Book Study: Reciprocal Teaching at Work K-12 Chapter 3

10:11 AM Sarah Koves 0 Comments

Every week we will be posting our primary (Christina) and secondary (me) reflections on Reciprocal Teaching at work k-12 by Lori Oczus. Grab your own copy, so you can join us this month talking about reading comprehension.

Chapter 3 is all about whole class instruction.

There are copious examples and ideas for how to use Reciprocal Teaching in whole class instruction. Lori also addresses some of the concerns educators have about using whole class instructions and why we should use it- sparingly.

One of the most important reasons to use whole class instruction is to model how to use reciprocal teaching. She also talks about building a sense of community and a common knowledge base. Students also need to see/hear how other students make sense of their reading, and everyone brings different background knowledge to the text.

Lori outlines an example of whole class instruction using a nonfiction article. This is a great way to illustrate these strategies because teachers at every grade and in every content can replicate this for their texts. Tweet: Teachers at every grade and in every content can replicate this for their texts: @cera0316 #teachingreading I see myself using this with sections of our AP Psychology text and to look at our own writing in our new journalism class next year especially early on in the year.
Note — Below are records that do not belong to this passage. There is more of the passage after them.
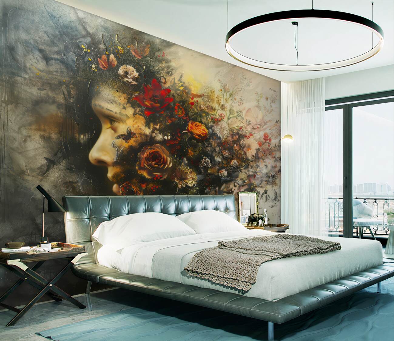 Fototapeta Obraz dziewczyny z abstrakcją kwiatów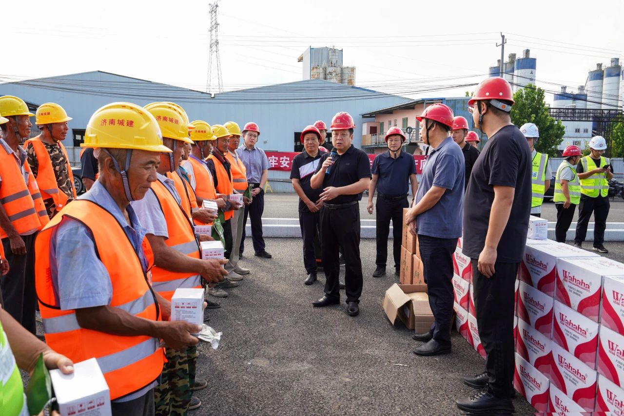 為認真落實夏季高溫期間防暑降溫工作部署,做好高溫天氣作業(yè)勞動保護工作,切實維護一線職工的勞動安全健康權(quán)益,8月6日,建設集團黨委副書記、總經(jīng)理楊峰帶隊到項目一線開展“送清涼”活動,集團總經(jīng)理助理、安全總監(jiān)解漢忠,集團總經(jīng)理助理翟彬參加活動。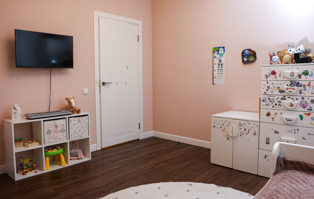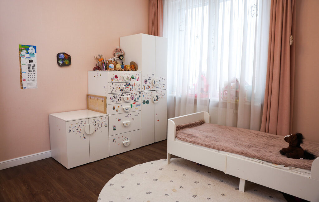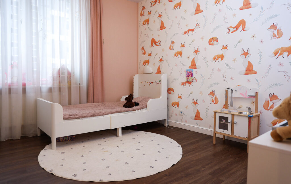 Стены окрашены высококачественной краской, устойчивой к мытью. Детская комната выполнена обоями;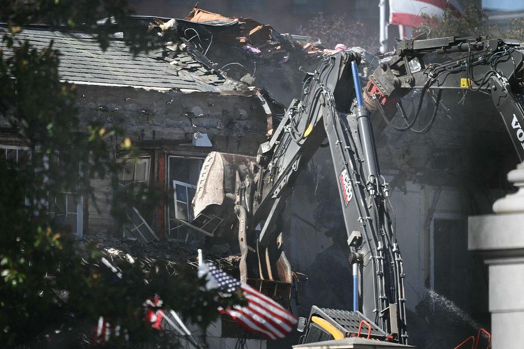 20日,白宫东翼部分建筑被拆除,新的宴会厅改建工程开始施工。(视觉中国)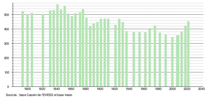L'évolution du nombre d'habitants est connue à travers les recensements de la population effectués dans la commune depuis 1793. Pour les communes de moins de 10 000 habitants, une enquête de recensement portant sur toute la population est réalisée tous les cinq ans, les populations légales des années intermédiaires étant quant à elles estimées par interpolation ou extrapolation[22]. Pour la commune, le premier recensement exhaustif entrant dans le cadre du nouveau dispositif a été réalisé en 2007[23].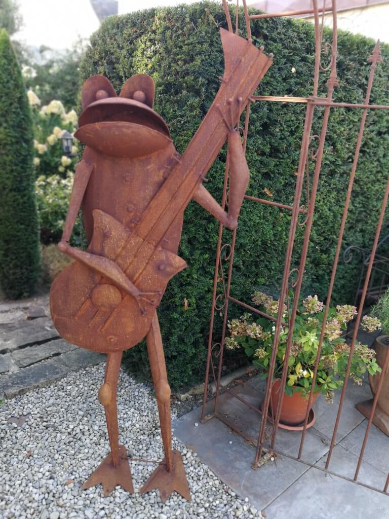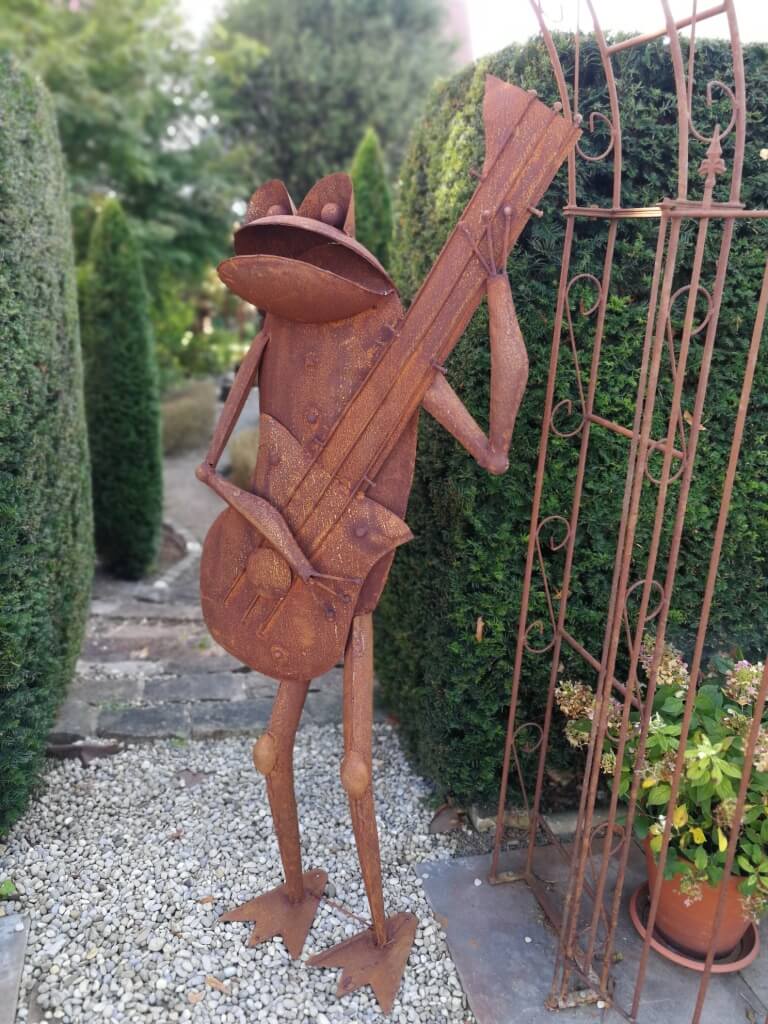 Wie süß ist denn dieser musizierende Frosch? Diese Gartenfigur aus Metall bringt Leben in deinen Garten! Detailreich lackiert in grün, weiß, schwarz und braun. Mit 30x23x16 cm die perfekte Größe für Beet, Terrasse oder Balkon. Aber nicht nur im Garten - auch im Wohnzimmer oder auf der Fensterbank macht er eine gute Figur. Ein tolles Geschenk für Gartenfreunde, zum Geburtstag oder einfach so. Die Qualität stimmt, das Design bezaubert. Einfach hinstellen und sich an dem fröhlichen Frosch erfreuen. Der Hingucker in jedem Garten!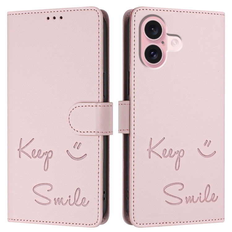 Funda de Cuero Rfid con Relieve Sonriente para iPhone 16 (Rosa)
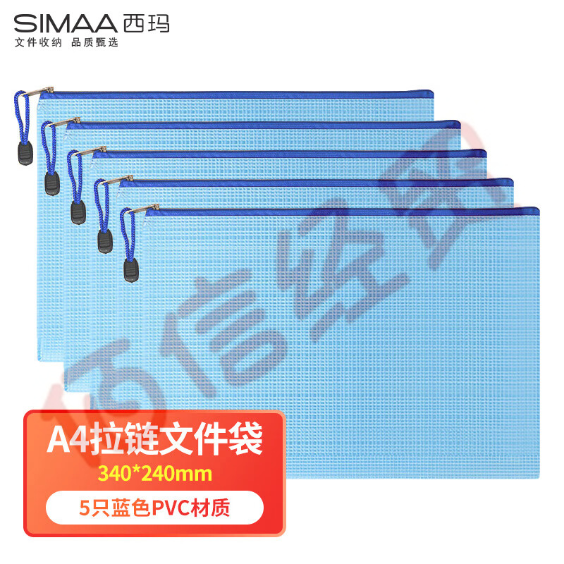 西玛(SIMAA)5只蓝色A4拉链袋 软质文件袋 防水资料袋 办公收纳袋6790 自营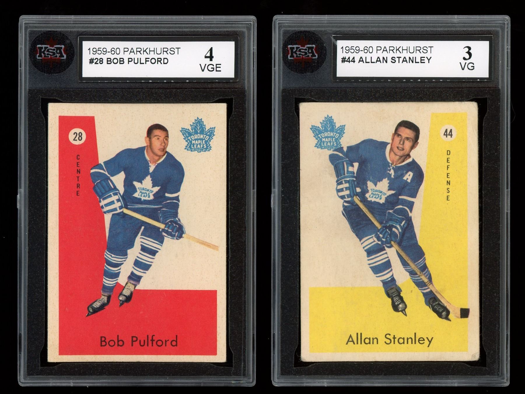 2 Hall of Famers from the 1959-60 Parkhurst hockey set, both KSA graded, includes #28 Bob Pulford (VG-EX 4), and #44 Allan Stanley (VG 3).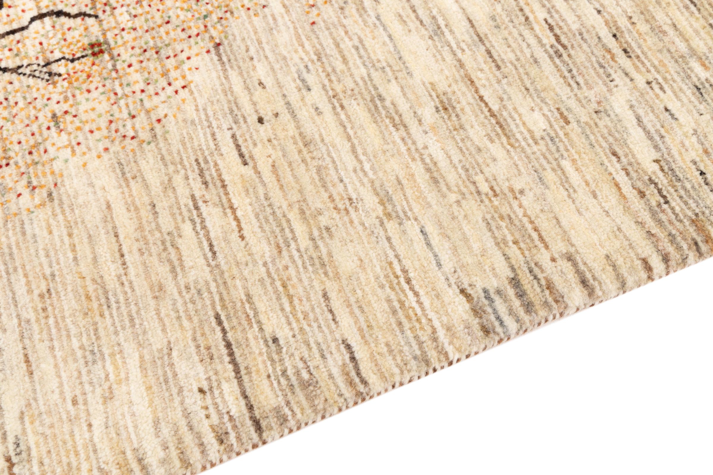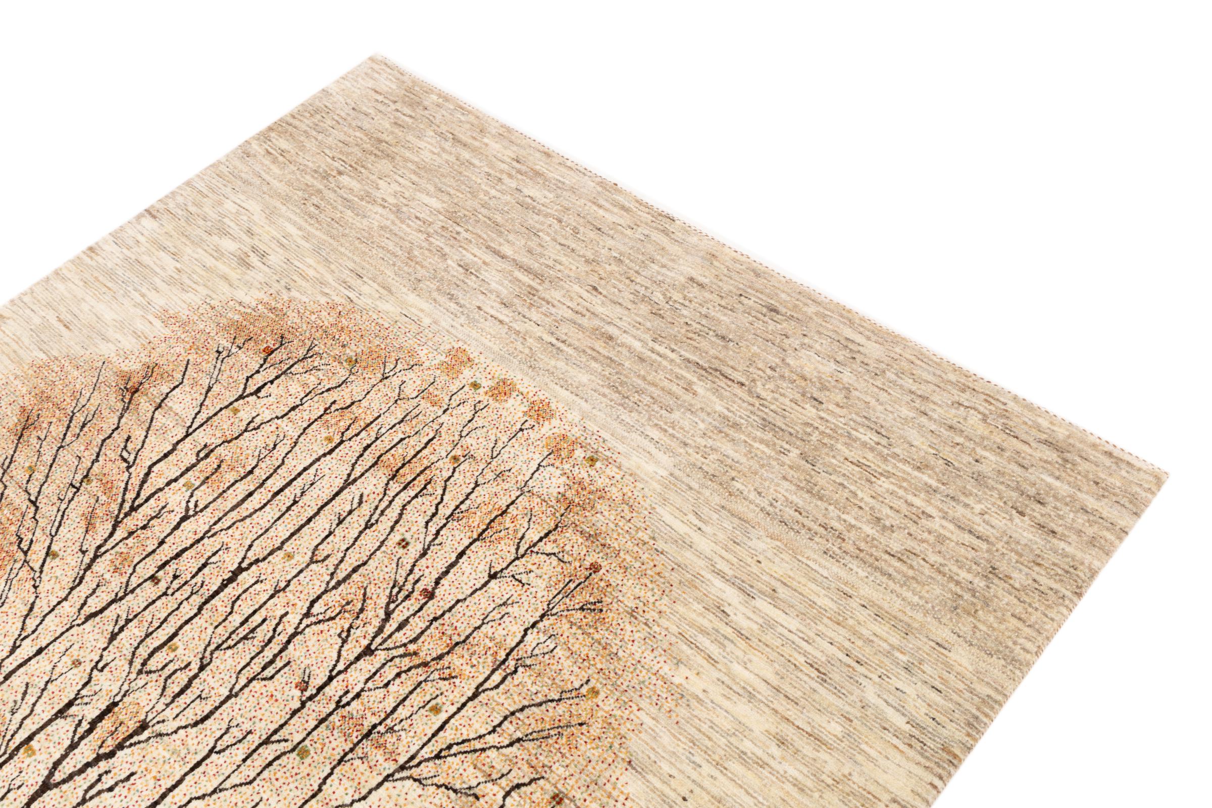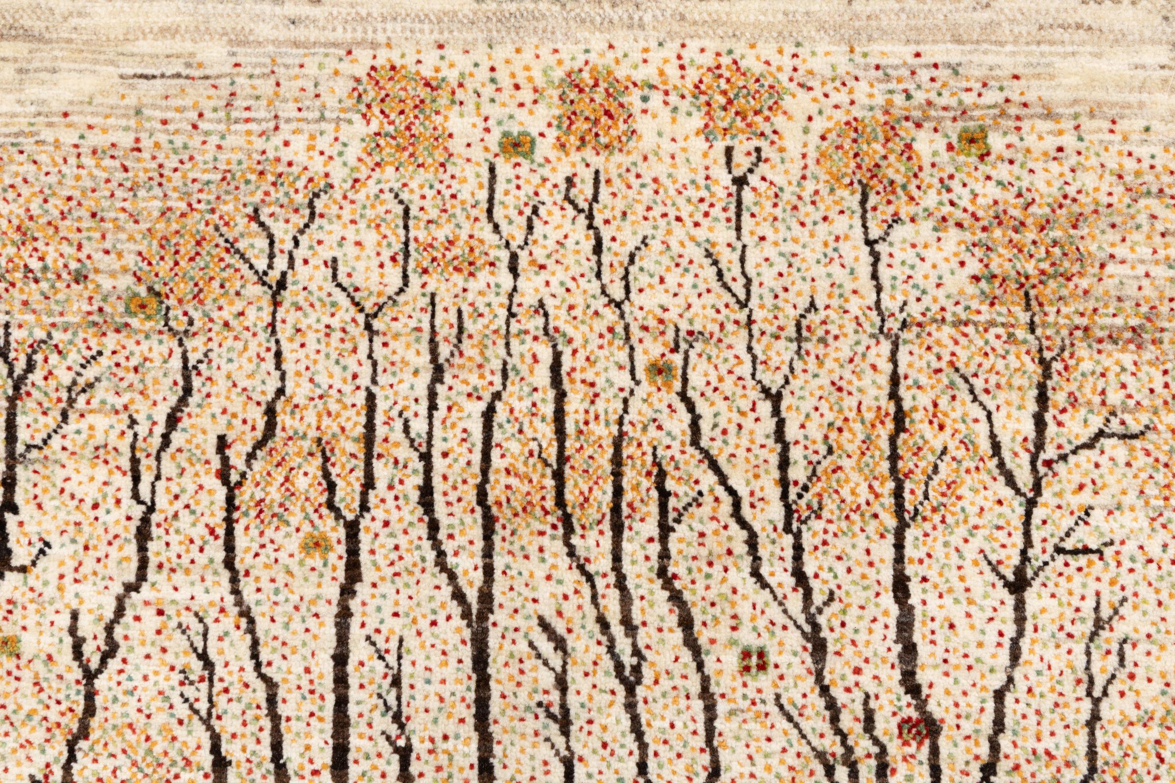 Esta hermosa alfombra es una Gabbeh persa y por lo tanto pertenece a las alfombras Gabbeh de mayor calidad. Las alfombras son anudadas por nómadas o seminómadas en Irán según la artesanía tradicional. Los motivos y patrones simples están inspirados en su mayoría por el entorno inmediato de los nómadas. Por ejemplo, los camellos, árboles o arbustos se pueden encontrar en las alfombras tradicionales. Las alfombras gabbeh persas están hechas de lana de rebaños de ovejas criados localmente. Por lo tanto, la lana se sigue hilando a mano. Así, cada una de estas alfombras orientales encarna un carácter único de la cultura de siglos de antigüedad.

While whole class instruction implies the idea of the teacher talking at a class full of students whose undivided attention is on the teacher, what whole class instruction actually looks like in Reciprocal Teaching is think-pair-small group-whole class. After the teacher models the strategies with the text, the students are gradually given responsibility of the reading and check in with their elbow partners and table groups.

This strategy going to be fairly easy for me to institute because I have tables for two that are grouped into 4s in my room, so my groups are build in from day 1 of my class. I also believe that using this with articles and poems in my classes will provide a short text for students to practice with.

In psychology I would begin by previewing the chapter and thinking aloud about my predictions about what the topics we will be studying will be. Our text also has an introduction to each chapter, so I would read that aloud and share my thinking with students. Students would then write questions they want answers to from the preview, which we will share whole class before starting the chapter. Then students would pair or individually read the first section and share their thinking at the table.